Boss’s ruff was up. “They looked like bandits or worse,” he said. “They’d been gone so long they’d forgotten Venetian manners. Even their speech was strange with Persian and Mongol thrown in. Like Mongols, they spat every time they finished speaking. They smelled.”

“Spat?” Mark interrupted. “They spat when they talked?”

“Listen,” Boss whispered, “that was the least of it. Their personal habits would have shamed a rat.”

“Maybe even a dog,” the count hissed.

Boss acted as if he hadn’t heard. “They crowded under the entry arch,” he continued, “three men, a gray donkey, and the great Tibetan dog—the biggest dog
ever seen in Venice—my great-great generations back. He’s the hero here.”

Mark sat up. “I know that arch,” he whispered. “I saw it earlier today. I stood under it.”

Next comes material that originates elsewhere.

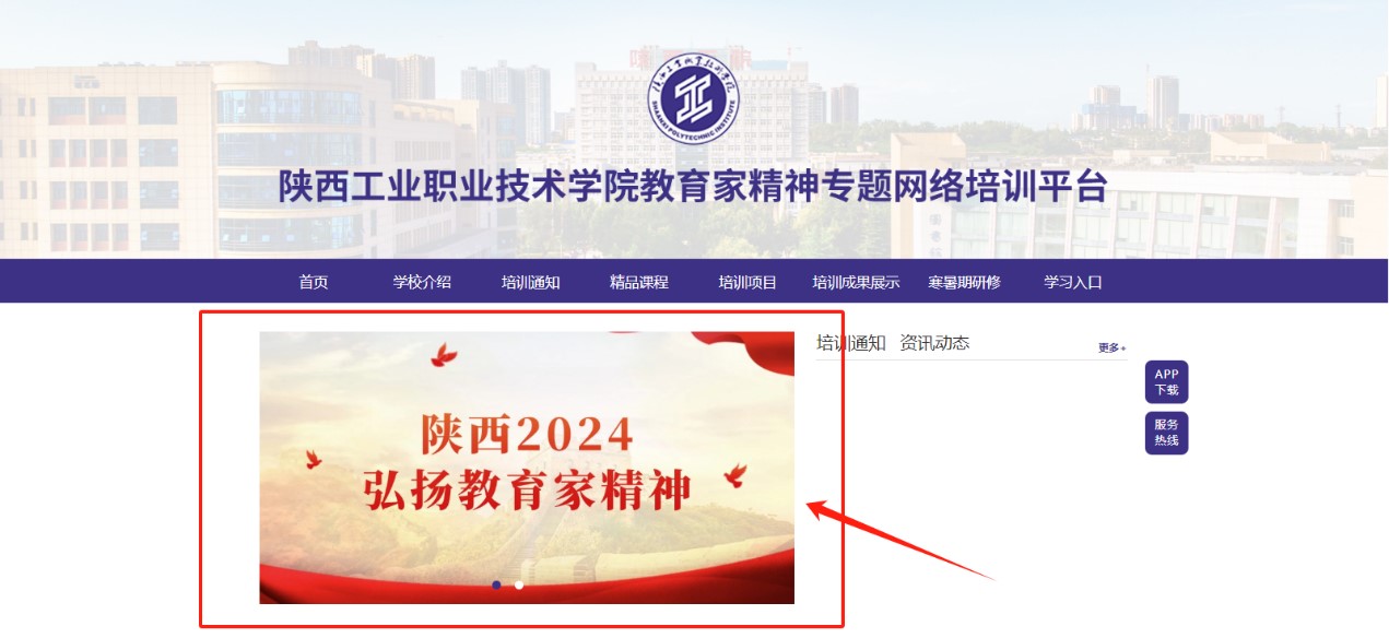 1.在浏览器中打开陕西工业职业技术学院弘扬教育家精神专题网络培训平台首页https://www.ttcdw.cn/h/spec/sxgyjyj/;

Boss nodded. “It was a dangerous time. Venice was at war with Genoa. Spies lurked. The place was full of secrets and enemies. Every stranger looked suspicious. Were these guys thugs? The only baggage they had was what was on the back of Marco’s donkey. Their stuff from China was still on shipboard. They had no papers. Who were they? They had no keys. They were locked out.”

Hornaday erupted in a loud snore. Boss froze. The doctor shifted in the creaking chair, there was another rumble, then the rhythm of sleep again.

“The donkey was tired and hungry,” Boss whispered. “He twitched his huge ears and tossed his harness bells. He could smell the other animals and their food. He stomped and shifted as he waited for the door to open. His load was heavy; the straps chafed.

“His master pulled at the bell rope and called out, ‘I’m Marco Polo, let me in!’